Bienestar
Me despiertan los berridos de euroniños remojándose en piscinas de alquiler. Son alemanes, suizos y belgas hambrientos de sol y sedientos de mar. En su tierra les habrían extirpado los órganos reproductores del sonido. Aquí les dan hormonas. Me asomo al paisaje. Huele a basura porque el Ayuntamiento turístico hace la recogida una sola vez por semana, y gracias. Bajo hacia la playa. Los contenedores rebosan desperdicios. Difícilmente consigo luego aparcar cerca de un supermercado. Con la pechuga llagada al aire, los extranjeros salpican los estantes de sudor y van llenando su carromato. Guardo cola para pagar 1.134 pesetas por ocho porciones de yogur, una de mantequilla, tres panes y media docena de huevos.Localizo la playa por el rugido de las motos acuáticas y la nube de polvo que levanta una caravana de automóviles. Desisto de unirme a ellos. Doy la vuelta forcejeando con un guardia, que no me deja. Esquivo a un perro extraviado que camina por el centro de la carretera con una paletilla de cordero en la boca. Miro el reloj: 10.45 y todavía salen de la discoteca residuos de juventud escupiendo su divino tesoro. Me encierro en casa. Pongo la radio. Hablan de la reunión de los siete grandes, que quieren convertir la ONU en un perro guardián de la paz.

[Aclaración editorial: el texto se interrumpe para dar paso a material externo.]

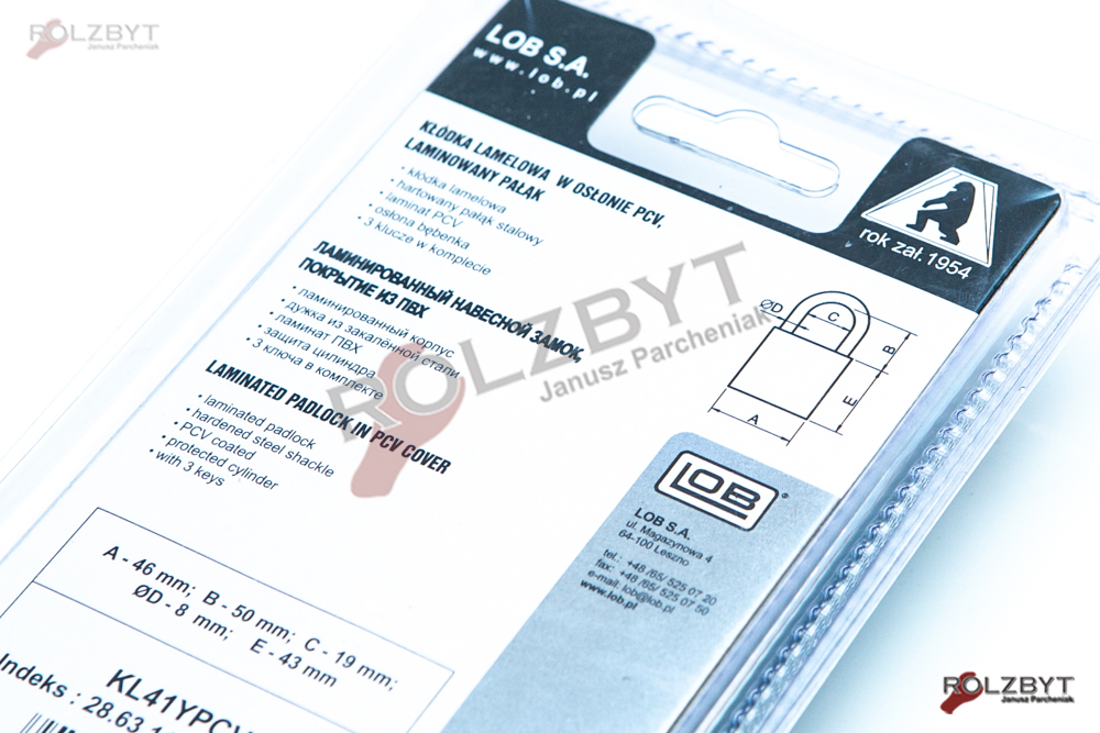 Kłódka lamelowa zatrzaskowa w osłonie PCV. Cechą charakterystyczną tej kłódki jest lamelowa konstrukcja korpusu i pokrycie tworzywem również pałąka kłódki. Lamelowa konstrukcja zwiększa wytrzymałość kłódki na zniszczenie w wyniku uderzeń, a wykorzystanie PCV pozwala ograniczyć ilość uszkodzeń w postaci otarć i zadrapań powierzchni będących w bezpośrednim kontakcie z korpusem i pałąkiem kłódki po jej zamknięciu.

-Apago la radio cuando dicen que la gasolina bajó una peseta por litro y que los musulmanes británicos están de acuerdo con que vayan siendo ejecutados los editores, traductores y vendedores de Los versos satánicos. Leo una página de ese libro. Me quedo dormido. Despierto al atardecer. Vuelvo a admirar el paisaje. Hay un grandioso incendio en el monte y ya están cenando paella los alemanes con música de acordeón. Ahí abajo, uno se levanta de la mesa para ver con prismáticos cómo arden las piedras que aún tenemos.